I didn’t do all of these things in one day. I did as many as I had the mental and physical energy for. Some days I didn’t do any of them. Some days I did all of them. These chores may sound like a simple cleaning routine that anyone can do; but for someone with postpartum depression it can be really hard to feel like accomplishing all of those tasks in a day.

3. Natural Light

Another trick I learned was to open the blinds and windows. There’s something therapeutic about natural light and seeing what’s outside. For me, it was hard to go anywhere alone. I felt like leaving my house was too hard. So when I opened up the windows, I could see outside and I felt like I was connected with my surroundings a little more. It helped me feel not as isolated.

4. Get Out of the House

When I started feeling better I tried to go outside at least once a day. Even if I didn’t leave my property, at least I could say I got out of the house. When my daughter could crawl, I laid out a blanket on the grass and let her play while I read a book. When my daughter started walking I took her around my property and let her play outside. This was good for her and it helped me get some much needed exercise.

I learned that getting out of the house was a good thing. Even though it was so difficult to convince myself to go do something, I tried to come up with things I could do. Sometimes I went to the grocery store just for something to do. Sometimes I would drive through Starbucks and get myself a (decaf) treat. Doing little errands helped me feel normal again. I couldn’t find the strength to go out for a long time, but once I realized I could do it, it got easier and easier for me.

5. Get Moving!

Another fun trick I learned was to put on some music and dance! Even if it was to just one song. If I couldn’t find the strength to dance, I would try at least to listen to one song that I loved. The key is that it has to be a fun and uplifting song. Please don’t listen to a song that makes you feel more depressed! Enjoy the song and how it makes you feel. Even if you “can’t dance” just do it. No one can see you anyway and your baby will love it!

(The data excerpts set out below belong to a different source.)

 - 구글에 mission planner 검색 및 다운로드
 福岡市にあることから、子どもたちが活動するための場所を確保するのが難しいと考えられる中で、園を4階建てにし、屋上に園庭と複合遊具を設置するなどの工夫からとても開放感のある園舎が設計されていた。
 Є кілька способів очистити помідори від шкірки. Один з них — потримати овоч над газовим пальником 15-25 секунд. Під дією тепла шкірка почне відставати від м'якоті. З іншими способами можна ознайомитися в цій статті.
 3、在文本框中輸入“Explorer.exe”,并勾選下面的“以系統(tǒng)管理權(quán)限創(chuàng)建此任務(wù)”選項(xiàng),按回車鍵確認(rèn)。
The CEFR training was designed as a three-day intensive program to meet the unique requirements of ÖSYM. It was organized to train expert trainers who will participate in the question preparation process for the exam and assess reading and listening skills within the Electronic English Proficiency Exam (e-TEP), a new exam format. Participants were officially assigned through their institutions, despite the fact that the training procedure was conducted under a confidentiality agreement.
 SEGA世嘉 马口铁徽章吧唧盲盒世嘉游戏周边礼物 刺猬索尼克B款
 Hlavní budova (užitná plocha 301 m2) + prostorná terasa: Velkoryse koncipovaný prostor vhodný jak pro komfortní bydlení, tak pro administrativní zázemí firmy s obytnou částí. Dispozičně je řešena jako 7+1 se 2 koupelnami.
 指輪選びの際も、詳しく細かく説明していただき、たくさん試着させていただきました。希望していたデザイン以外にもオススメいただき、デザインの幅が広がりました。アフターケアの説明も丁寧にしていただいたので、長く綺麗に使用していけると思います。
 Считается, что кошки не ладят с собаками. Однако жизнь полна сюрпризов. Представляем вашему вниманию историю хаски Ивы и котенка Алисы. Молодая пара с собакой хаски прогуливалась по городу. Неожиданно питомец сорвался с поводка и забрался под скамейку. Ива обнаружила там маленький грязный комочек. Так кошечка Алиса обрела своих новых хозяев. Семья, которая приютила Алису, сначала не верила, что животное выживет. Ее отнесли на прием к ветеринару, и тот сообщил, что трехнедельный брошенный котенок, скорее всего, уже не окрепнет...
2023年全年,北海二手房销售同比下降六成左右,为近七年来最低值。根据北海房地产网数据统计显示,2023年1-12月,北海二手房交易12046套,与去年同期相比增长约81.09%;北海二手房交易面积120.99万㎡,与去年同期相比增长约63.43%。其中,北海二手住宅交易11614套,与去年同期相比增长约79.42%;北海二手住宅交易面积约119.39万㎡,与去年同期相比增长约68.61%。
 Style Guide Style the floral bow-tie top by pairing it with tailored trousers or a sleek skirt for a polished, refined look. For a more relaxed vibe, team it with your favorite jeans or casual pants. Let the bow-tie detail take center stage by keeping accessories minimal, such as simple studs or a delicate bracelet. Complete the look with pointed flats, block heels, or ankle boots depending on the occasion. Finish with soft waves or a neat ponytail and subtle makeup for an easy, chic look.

6. Make Your Space Feel Inviting

I also really enjoyed lighting candles or turning on my Scentsy burner and making the house smell good. There’s something about having a good smelling home that makes it warm, inviting, and lively. Changing up the smell of the house was a fun way to make it seems a little different each day, even if it was something as simple as making my living room smell like vanilla.

Getting over postpartum depression takes time. Getting out of a mental rut is extremely difficult. If you’re struggling with postpartum, reach out to friends, family, doctors, and therapists. Take care of yourself. Things will get better soon. In the meantime, try to figure out what you need to do in order to feel normal. Do you need to paint your nails? Do you need to grab a coffee with a friend? Or wander around the Dollar Store for something to do? I want to encourage you mama, you will get better and you will find a new normal. Take it one day at a time. Be strong mama!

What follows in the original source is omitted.